The structured products market in Malaysia is facing increased competition from fixed deposits as a result of the introduction of the higher liquidity coverage ratio (LCR) requirements, as stipulated by the new Basel III regime, with banks having to raise gradually their LCR from 60% in June 2015 to 100% by January 2019.
Banks are fairly comfortable now with LCR compliance at the current 60%, said Chu Kok Wei, group head for treasury and markets at CIMB Group. “Having to increase towards 100% by 2018 will continue to put upward pressure on deposit rates, as banks are urged to beef up their deposit base,” said Kok Wei. “This is also the most active segment for structured deposits. In short, structured products are facing new competition from fixed deposits, which are getting more attractive in yield.”
The structured products market will retain some activity on the back of the internal valuation framework for liquidity, according to Kok Wei. “For banks who are able to value structured products fully for the long term liquidity nature, the impact could be minimal or even positive, and this also requires consistent regulatory treatment for LCR and net stable funding ratio (NSFR),” he said.
Product issuers have to be alert to changes in regulatory guidelines moving forward, said Kok Wei, “given that even fixed deposits in their current form need to be amended by 2018 to continue to be classified as qualified, term funding”.

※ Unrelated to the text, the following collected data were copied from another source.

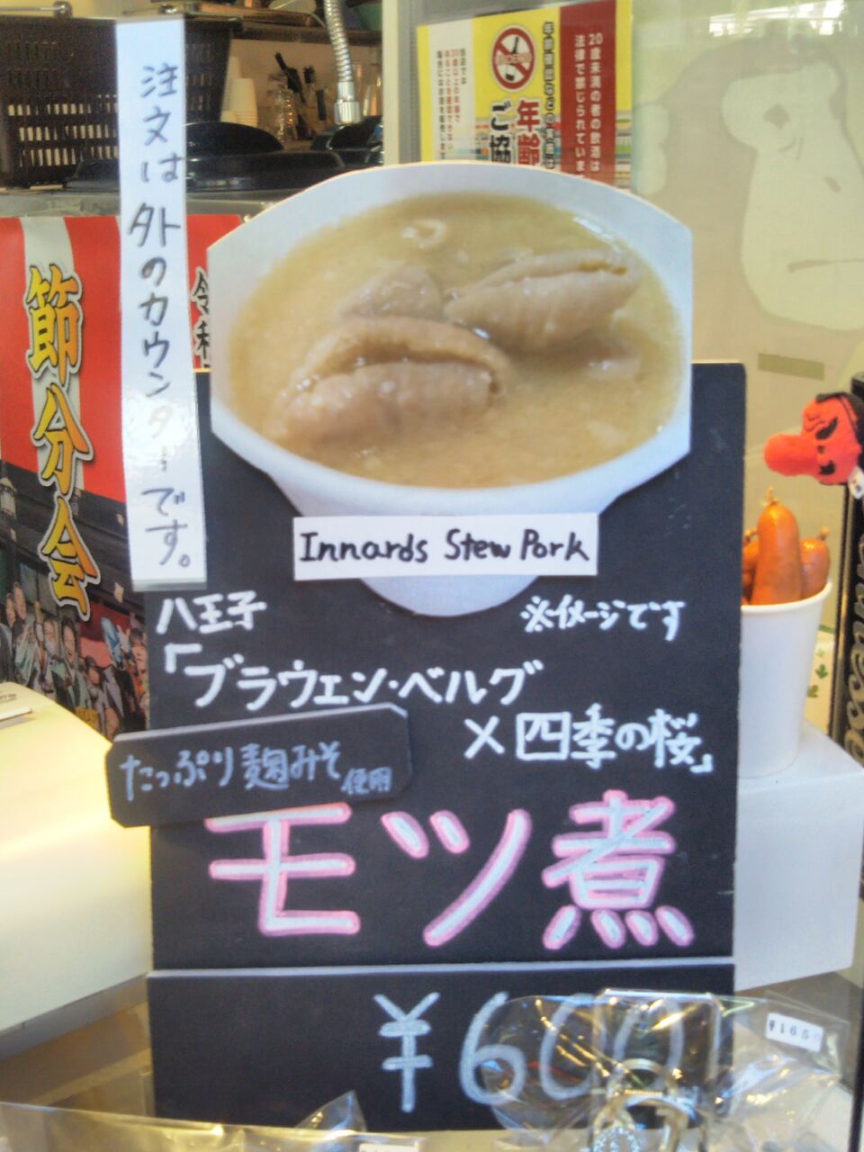 そば店ではない高尾山商店会の高尾山冬そばキャンペーンWチャンス賞対象店舗。八王子ブラウエン・ベルグのモツ煮。税込600円。以前は税込550円で『紅麹みそ使用』となっていたものが『たっぷり麹みそ使用』と変わっていますが、モツは大きく食べ応えありで美味しい。
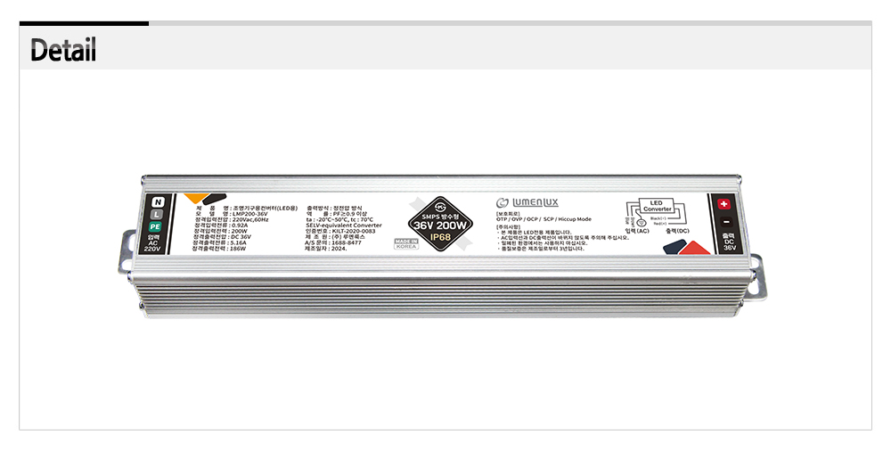 SMPS KS 방수 36V 200W (LMP200-36V)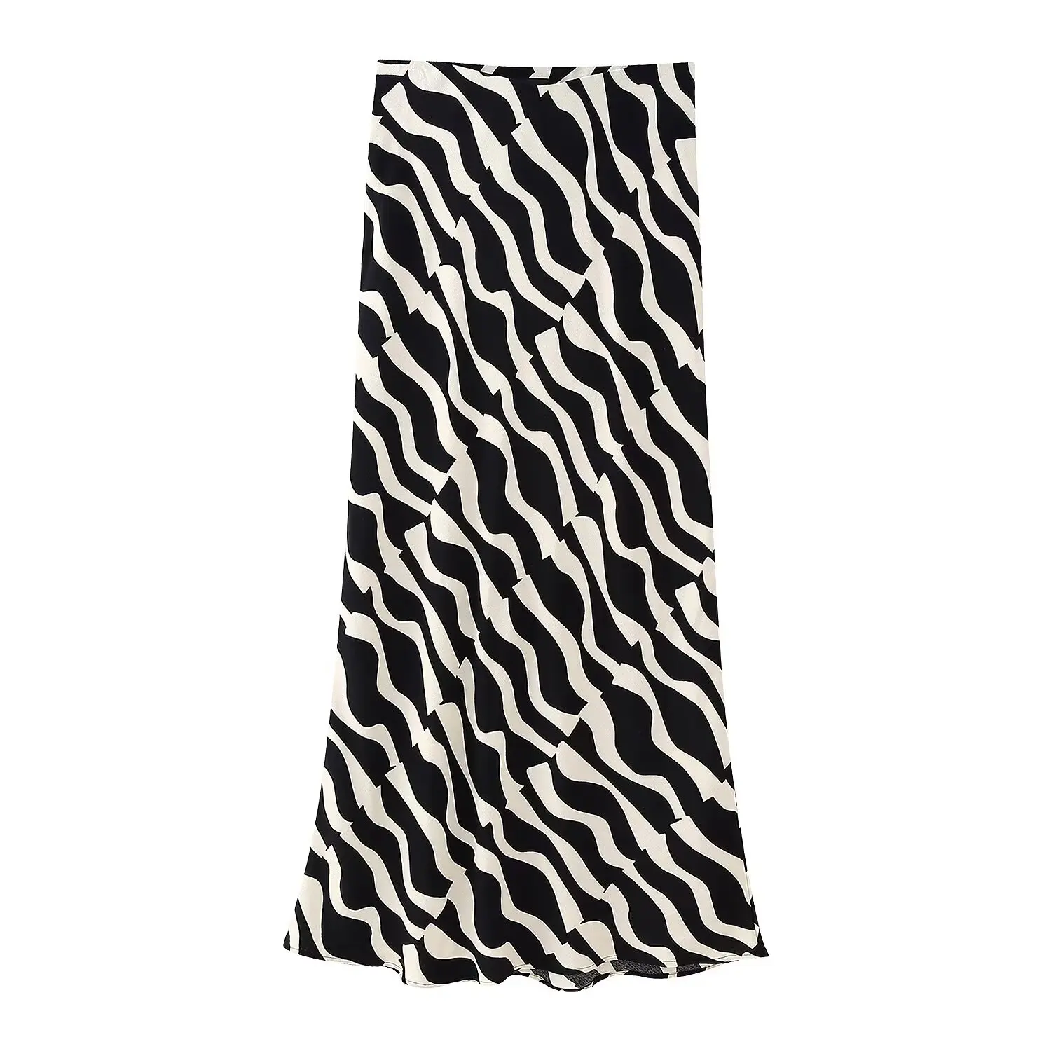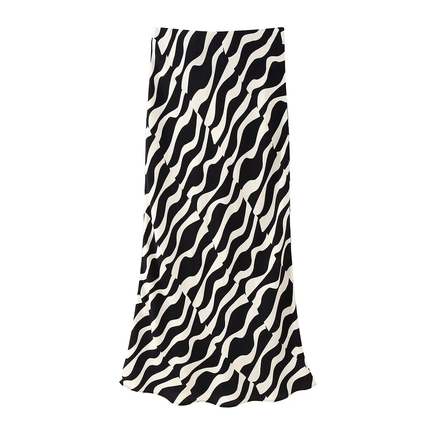 Womens Black & White Swirl Print Shirt + Midi Skirt Set

The high fixed deposit rate has affected structured products for private banking for most of 2015, given that deposits provide a much better solution in terms of risk and reward, according to Kok Wei. “We foresee institutions that can value liquidity will be able to compete well,” said Kok Wei. “For a lot of regional private banks, if they source their products from investment banks (IBs), they could face a disadvantage as IBs tend to value liquidity closer to ‘interbank’ level, which is much lower than other commercial banks’ valuation of liquidity for banking book.”
Several market players in Malaysia have reduced their issuance of tranche products since the beginning of the first half of 2014, notably HSBC, which used to be an active issuer of tranche products and has not issued a single product to Malaysia’s retail investors this year. The high fixed deposit rate and general poor performance of underlyings have hindered the issuance, said a senior banker at HSBC.